Solved: Re: Selecting Duplicate Rows in a Data Table

Report Inappropriate Content · Nov 15, 2010 05:42 AM

I'm sure this must have been tackled before but I can't find it on the forum so apologies if the answer is blindingly obvious.

I have a large data table that I know contains duplicate rows. What I want to do is to easily select these duplicates and either delete or exclude from further analysis. Is there a script that can do this in v8 & v9 of JMP?

ms · Nov 15, 2010 11:24 AM

If entire rows are identical for duplicates then you can use the summary command from the tables command. Add all columns to the "Group" box and press ok.

This should give you a table without duplicates. The only differences is that the table contains a new column "N Rows" and that the sorting might have changed.

Under the red triangle at "Source" in the left panel you can choose to copy the script and paste it in a new script window if you want to repeat this with other tables (with the same set of columns).

To get rid of the N Rows column you can add the line

Current data table() << Delete Column(N Rows)

to the script.

View solution in original post

pmroz · Nov 15, 2010 10:11 AM

There are several ways, but they depend on your data. How do you know that a row is a duplicate? I.e. if a row is a duplicate, are all its column values the same as another row?

Is there one column value (like a key or index) you could use to detect duplicates? Or do you need to look at the entire row?

Give us some more to go on...

Regards,
Peter

pmroz · Jan 4, 2017 9:37 AM

A quick search revealed this thread:

https://community.jmp.com/t5/Discussions/find-and-drop-duplicate-rows/m-p/370#M370

Basically you can use the summary command to produce a table free of duplicates.

Regards,
Peter

Report Inappropriate Content · Jan 4, 2017 9:30 AM

Peter,
apologies for the lack of clarity in the post.
In the example I'm looking at I have 51 rows and 19 columns of both character and numeric data, I'm classing it a duplicate when all of the column values are the same as another row (numeric or character).

I know nothing about the JSL so I tried to just copy & paste into a new script and came up with multiple messages basically saying it doesn't work. Could someone help getting it into the right format?

Script from previous link

dt << CurrentDataTable;
TotalRows = NRows(dt);
eqFlag = 1;
deleteFlag = 0;
 
For(i=1, i<TotalRows,i++,
For(k =1, k <=9,k++,
If(Column(dt,k)sqbrack i sqbrack !=Column(dt,k)[TotalRows]

ms · Nov 15, 2010 11:24 AM

If entire rows are identical for duplicates then you can use the summary command from the tables command. Add all columns to the "Group" box and press ok.

This should give you a table without duplicates. The only differences is that the table contains a new column "N Rows" and that the sorting might have changed.

Under the red triangle at "Source" in the left panel you can choose to copy the script and paste it in a new script window if you want to repeat this with other tables (with the same set of columns).

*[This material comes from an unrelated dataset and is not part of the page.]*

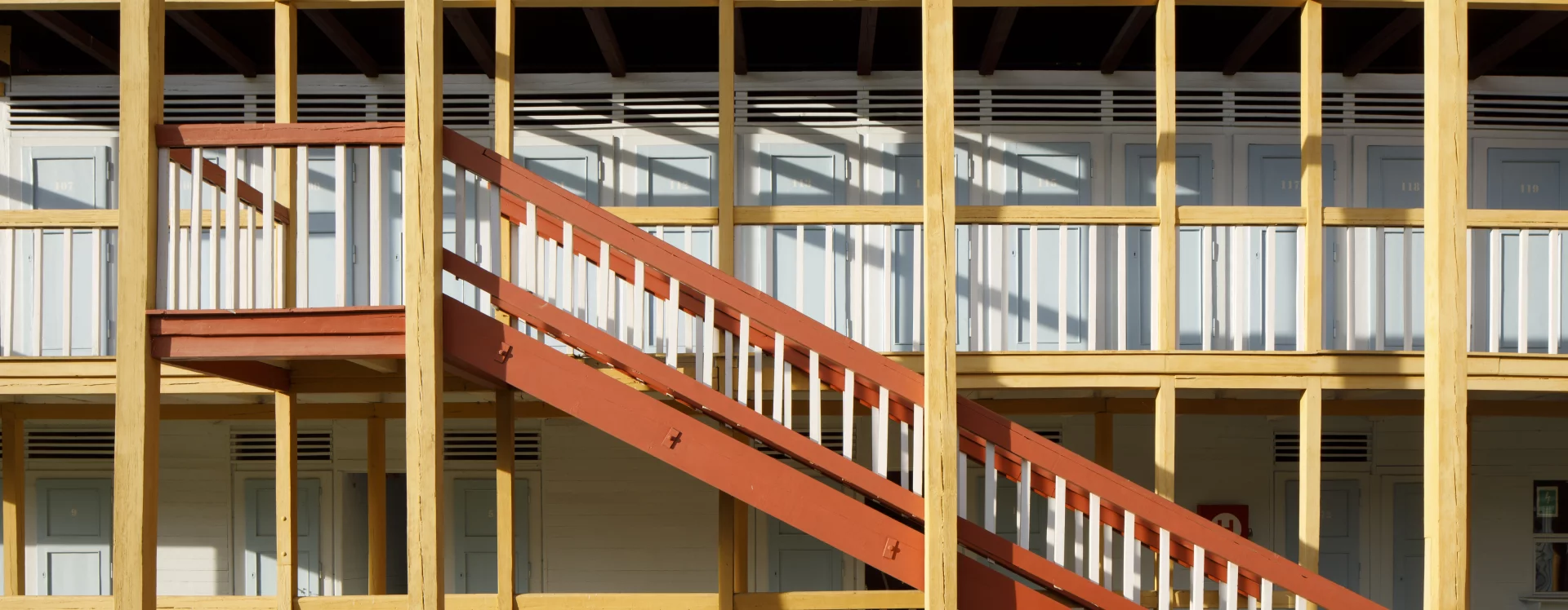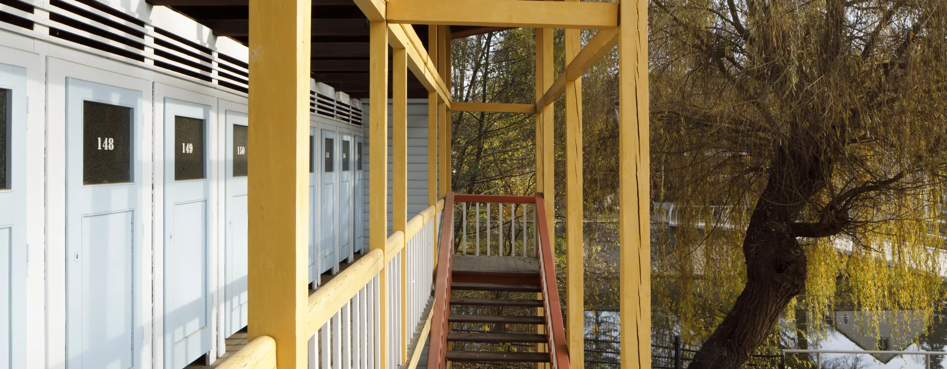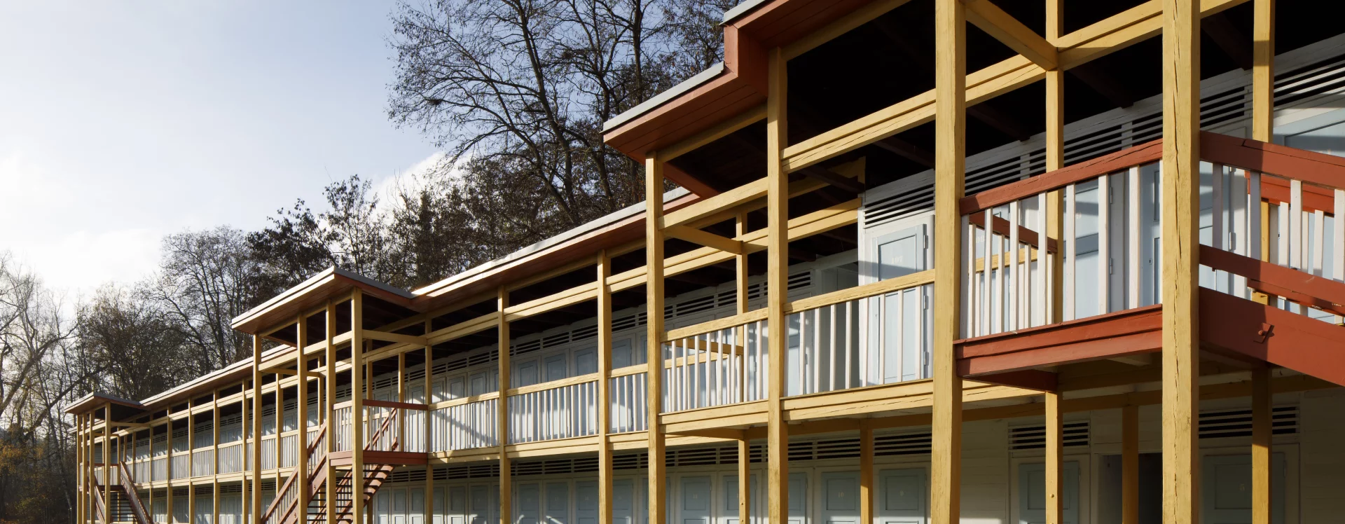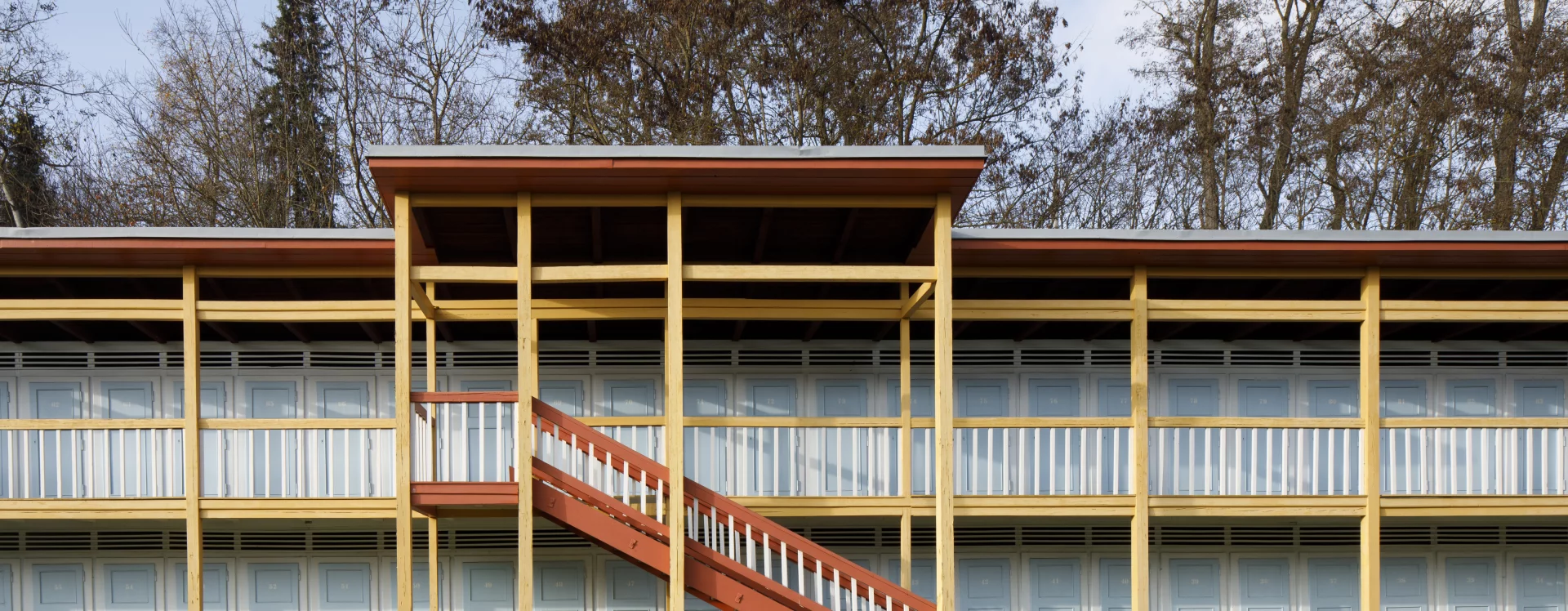 The first river spa in Třebíč was built in 1910 on the right bank of the Jihlava River. The area on its left bank was built in 1933–1934 as a modern municipal swimming pool with a capacity of 1,200 people according to the design of the Brno architect Bohuslav Fuchs. Within his work, this is a unique work, not typologically, as the architect had already designed several outdoor spa areas in Brno – the reconstruction of the Riviéra river spa (1927) or the spa on Svratecký náhon (1928) or the summer spa in Zábrdovice (1930) – the Třebíč spa differs from the catalogue of his works mainly in the use of wood as the main structural material. The two-storey building of the changing cabins is designed as a subtle wooden skeleton structure on the ground plan of an elongated L with four staircases. An open gallery runs along the entire length of the floor, which is connected to the changing cabins closed by cassette doors. The layout of the individual wings differs according to the functional division, while the central part on the ground floor was intended for refreshments and hygiene facilities. The counter roof with a slight slope is supported by wooden columns across both floors and covered with sheet metal. The changing cabin building is It has preserved a high degree of authenticity, including the original wooden structure, layout and many details (only the original color scheme could not be determined, the current one is modern) and was declared a cultural monument in 2011.

To get rid of the N Rows column you can add the line

Current data table() << Delete Column(N Rows)

to the script.

ms · Jan 4, 2017 9:31 AM

Here is a general script that does what I described above. Applies to any table as column number and names need not to be specified.

dt = Current Data Table();
dt2 = Eval(
     Parse(
          Eval(
               Expr(
                    "dt << Summary(group(" || Substitute(
                              Substitute( Char( dt << get column names() ), "}", "" ),
                         "{", ""
                    ) || "))"
               )
          )
     )
);
dt2 << delete column( Eval( N Col( dt ) + 1 ) );

The script populates Group(column1, column2,...) by deleting the curly brackets from a list of columns. Is anybody aware of a simpler, less convoluted way to use a list variable of columns as an argument in Summary() and similar functions?

If duplicates are defined by a subset of columns rather than all columns, one way would be to replace "get column names" with "get selected columns" in the above script. However, the columns must then first be manually selected in the data table, and the summary table updated with the original table to restore remaining columns.

laural · Dec 2, 2010 10:30 AM

This is the method that I use to find complete duplicates. One more thing you may want to do is to unlock the columns in the summary table.

Here is the script to do that.

dt = current data table();

colList=dt<
show(collist);

for (i=1,i<=nitems(collist),i++, 
collist<< lock(0);

);

annaivashko · Dec 24, 2020 12:25 PM

Thank you! I found this very quick and helpful to deal with duplicates

txnelson · Dec 24, 2020 12:54 PM

Take a look at "select duplicate rows" in the Scripting Index

Names Default To Here( 1 );
dt = Open( "$SAMPLE_DATA/Big Class.jmp" );
dt << Select duplicate rows( Match( :age, :height ) );

Jim